2) As part of MEIP’s strategic alternatives process, they did evaluate a liquidation, from the S-4 (6/2/23):
Liquidation Value
The pro forma DCF analyses imply a significant premium to both MEI’s standalone DCF valuation range and current trading price. Torreya also compared the implied value of MEI as presented in the pro forma DCF analyses to the estimated liquidation value of MEI. To calculate the liquidation value, management provided its best estimate for the cash available to shareholders upon a hypothetical liquidation. Based on discussions with management, a hypothetical liquidation could occur in the second quarter of 2023, and after paying all wind-down obligations, a fully wound-down MEI entity would be left with $82.8 million of available cash. This would imply a liquidation value of $0.62 per share. Given that the pro forma DCF represents a significant premium of up to 134% to the liquidation value, and up to 52% in the scenarios with required equity fundraising, Torreya believes the DCF supports their opinion that the exchange ratio is fair to MEI shareholders.

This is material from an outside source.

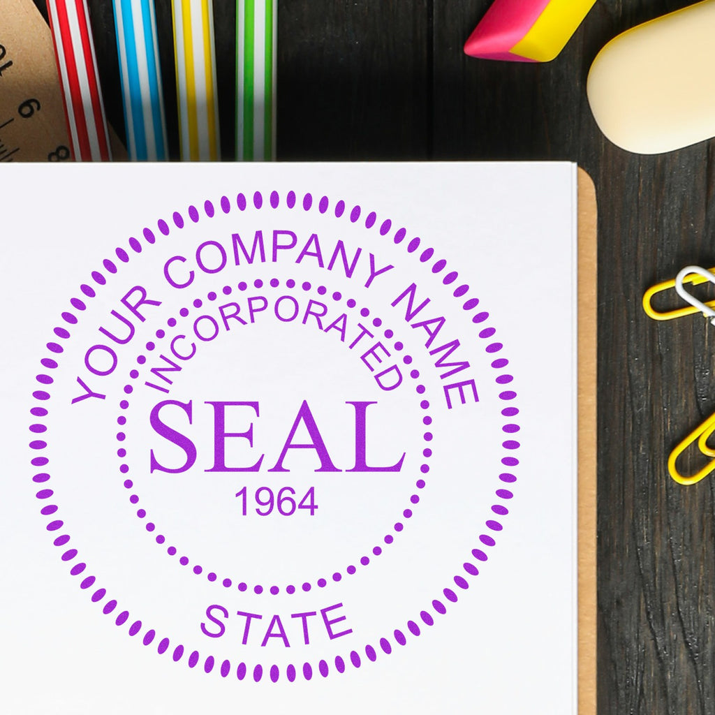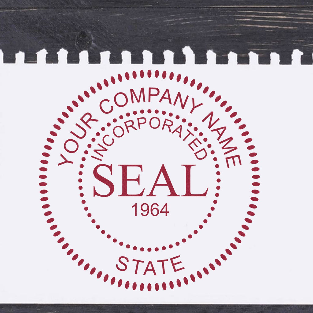 Crafted with cutting-edge technology and exceptional craftsmanship, the MaxLight Pre-Inked Stamp is the top choice for those who require a high-performance stamping solution. Its 1-5/8" circular design features a dotted border, elegantly showcasing your company name at the top, the state at the bottom, and the word "Incorporated" prominently displayed above the word "Seal". The date "1964" is centered just below, adding a touch of tradition to your modern business practices.
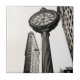 This fine art photo features the beautiful architecture of: the 5th Avenue Building Clock and the Flatiron Building. Standing at 19 feet high, this clock is made out of cast-iron and was constructed by a Brooklyn iron works company in 1909. This ornate, historic clock stands out in this black and white image. The Flatiron Building which is in the distance is one of Manhattan's most popular skyscrapers. Both the Fifth Avenue Building Clock and the Flatiron Building have landmark status. The classic feel of this image, with its vintage tones, gives it a timeless feel.

That analysis was pre-reverse split, post-split the liquidation value per share would be $12.40. Similar to MGTA, the liquidation analysis assumes an unrealistic scenario where the company could be wrapped up within a few months with minimal expenses. A more realistic scenario is as follows:
To be a bit conservative, I’m using the minimum net cash amount required if the deal closed in July of $78MM. This is likely too low, management’s projected (versus the minimum to close the deal) net cash level as of 6/30 was $92.8MM, but MEIP is spending money on this merger and fighting off the activists, makes sense to be a little conservative. And then MEIP would escrow $10MM for any contingencies and still be able to make an initial distribution of $10+, well above where the shares trade today. I bought shares recently.
The biggest risk I see, even if the deal breaks and the activist group fails to remove the board, MEI Pharma could continue on with their two phase 1 product candidates while burning cash.
Other thoughts:
- Infinity Pharmaceuticals (INFI) on a break might be interesting in a very speculative way. The company doesn’t have any real debt the liabilities, the related to sale of future royalties line item on the balance sheet is only payable on the receipt of any royalties to assets they’ve previously sold (and aren’t Eganelisib). Even in a potentially conflicted sale, MEIP did assign significantly more value to INFI’s IP than the market.
- Daniel Gold stepped down as CEO on 6/2 and was replaced by former General Counsel and COO David Urso, probably a non-event as INFI management would take over the reigns, but shows a little lack of confidence in seeing the deal through to completion.
- Another probably nothing-burger, but MEIP and INFI do share a board member, Sujay Kango who orchestrated the original meeting between the two companies, he then excused himself according the background section in the S-4.